A maioria das carreiras no futebol de alto nível segue um percurso quase linear e os jogadores vão conquistando os corações e as mentes dos adeptos ao longo dos anos, tanto nos clubes como nas selecções nacionais. Um exemplo: o antigo jogador da seleção alemã, Mats Hummels, chegou a ser um jogador de classe mundial nos clubes e pôde prová-lo ao longo dos anos em Munique, Dortmund e na seleção nacional. Agora, numa idade avançada, a sua carreira profissional está a chegar ao fim e Hummels está à procura de um novo desafio para terminar a sua carreira.
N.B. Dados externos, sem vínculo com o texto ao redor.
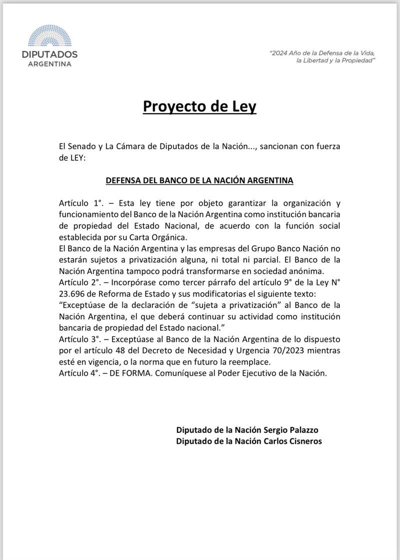 La norma plantea, además: "Incorpórase como tercer párrafo del artículo 9° de la Ley N° 23.696 de Reforma de Estado y sus modificatorias el siguiente texto: ‘Exceptúese de la declaración de "sujeta a privatización" al Banco de la Nación Argentina, el que deberá continuar su actividad como institución bancaria de propiedad del Estado nacional". Y "exceptúase al Banco de la Nación Argentina de lo dispuesto por el artículo 48 del Decreto de Necesidad y Urgencia 70/2023 mientras esté en vigencia, o la norma que en futuro la reemplace".

Depois, há futebolistas que parecem ter nascido para o grande palco. De dois em dois anos, como que por magia, aparecem no palco continental ou mundial e fazem uma atuação de topo. Mas, por favor, sejam honestos: sem a ajuda da Internet, quem sabe como foram as últimas épocas de Xherdan Shaqiri no clube ou onde brilha o guarda-redes mexicano Guillermo Ochoa?
E depois há os currículos muito especiais, que passam por altos e baixos inconsistentes, e muitas vezes deixam os adeptos e os especialistas perplexos. James Rodríguez, provavelmente o melhor jogador da atual Copa América, não é exceção. É provavelmente a frase do torneio que o treinador da Colômbia, Nestor Lorenzo, disse sobre o seu craque antes do jogo decisivo da fase de grupos contra o Brasil: "Agora ele corre um pouco menos, mas pensa mais. Isso é bom para ele".
De facto, em cinco jogos da Copa América até agora, James Rodríguez preparou seis golos e marcou um. Há muito que existem rumores de que as equipas europeias de topo estão interessadas no jogador de 32 anos, tendo um portal espanhol noticiado recentemente que o campeão alemão Bayer Leverkusen o está a cortejar. É o ponto culminante de uma ressurreição imprevisível do antigo astro.
Final infeliz para a era Bayern
O craque nascido no nordeste da Colômbia teve a sua última boa fase na Alemanha: sob o comando de Carlo Ancelotti e, mais tarde, de Jupp Heynckes, James impressionou com números expressivos (35 gols em 67 jogos), mesmo que muitas vezes só saísse do banco. No entanto, tudo mudou a partir do início da temporada 2018/19: primeiro as lesões atrasaram-no, depois a sua relação com o treinador do Bayern, Niko Kovac, também foi considerada difícil.
Em última análise, o clube de Munique decidiu não fazer uso da opção de compra devido ao facto de James não estar familiarizado com o clima frio do país, apesar de ter impressionado em campo. Parecia ser o começo do fim para James, que nunca conseguiu mostrar o seu talento no Real Madrid e no Everton. Quando se mudou para o Catar, em 2021, a maioria dos especialistas já o tinha descartado ao mais alto nível, e um breve interlúdio no Olympiakos não mudou nada.
Quando o colombiano, que na altura estava sem clube há três meses e meio, se juntou ao São Paulo, em julho do ano passado, os elogios já tinham desaparecido há muito tempo. Em doze meses, só jogou pouco menos de 700 minutos no campeonato. A condição física, a forma e a atitude sempre foram o problema. No entanto, a boa fase na Série A do Brasileirão revitalizou o gênio do futebol e James Rodríguez tem a confiança total do selecionador Lorenzo.
O clássico esquema, com dois guarda-costas atrás e um atacante na frente, permite que o imprevisível James jogue de acordo com os seus pontos fortes. Depois de vencer por pouco a meia-final contra o Uruguai, em que um canto cobrado pelo médio levou ao único golo da noite, marcado por Jefferson Lerma, o artilheiro do Mundial-2014 pode esperar por outro título importante.
James Rodríguez, que estava ausente da cena internacional há anos, pode comemorar um dos maiores sucessos de sua carreira, quase ao mesmo tempo em que completa 33 anos, na sexta-feira. É uma história que vai agradar aos Shaqiris e Ochoas deste mundo.